Once Kate had written several different songs for the EP, she travelled three hours to Perth to meet with Mark Donohoe, the co-producer of the EP. “We started doing demos. We worked out which songs would make the cut and which wouldn’t.” After looking at different options for the feel of the album, the two decided that the album would be positive and one that people could relate to. Mark Haggerty Jr., a drummer, joined Kate in the recording studio, an experience that she describes as “an honour. He put a twist on some things which was awesome,” a twist which Kate feels actually made the songs better. Kate also worked on the guitar lines with Tamworth musician Rusty Crook for two full days. “We worked on the guitar, the mandolin, electric guitar, acoustic guitar, lead guitar. All of it.” Kate tells me that Rusty had a big input into the album, doing an incredible job. The producer Mark then put the bass line down and then spent the next few weeks tweaking the songs. “I then went back to record the, let’s just call them, end vocals. We spent the next few weeks recording harmonies and mixing and checking the balance of everything.” A long process indeed but Kate assures me that it was all worth it.
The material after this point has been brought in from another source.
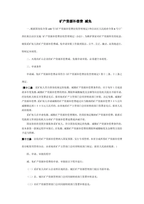 矿产资源补偿费减免一、根据国务院令第150号《矿产资源补偿费征收管理规定》和自治区人民政府令第6号《广西壮族自治区实施〈矿产资源补偿费征收管理规定〉办法》,为维护国家对矿产资源所有的权益,确保采矿权人的矿产资源补偿费减、免申请审批工作做到依法、公平、公正、廉洁、高效地进行,特制定本制度。

With the songs recorded and mixed, Kate was nearly ready to produce the album. But before that she had to come up the artwork, something she did herself. “I sent it to one of my friends who is a designer and she fixed it all up for me.” The CD was then ready to be manufactured, ready for release on the 19th January.
As my phone call wraps up with Kate, her gentle voice tells me about her busy year ahead. She’ll be performing 13 gigs over 10 days at the Tamworth Country Music Festival, then touring with her friend Trevor Tolton to Victoria before spending a weekend in South Australia performing. They then head to Western Australia, performing at a country music festival there. She then heads to Bundaberg, Queensland for another festival “I have 4 festivals within the first 5 months of the year”.
As Kate thanks me for the interview and I thank her for the time it’s not hard to see why Kate is so popular. With over 3,500 Facebook fans, Kate’s friendly nature and inspirational talent creates a real country music artist that I think so many people can relate to.
Talented, friendly and inspirational. This is how I describe Kate Hindle.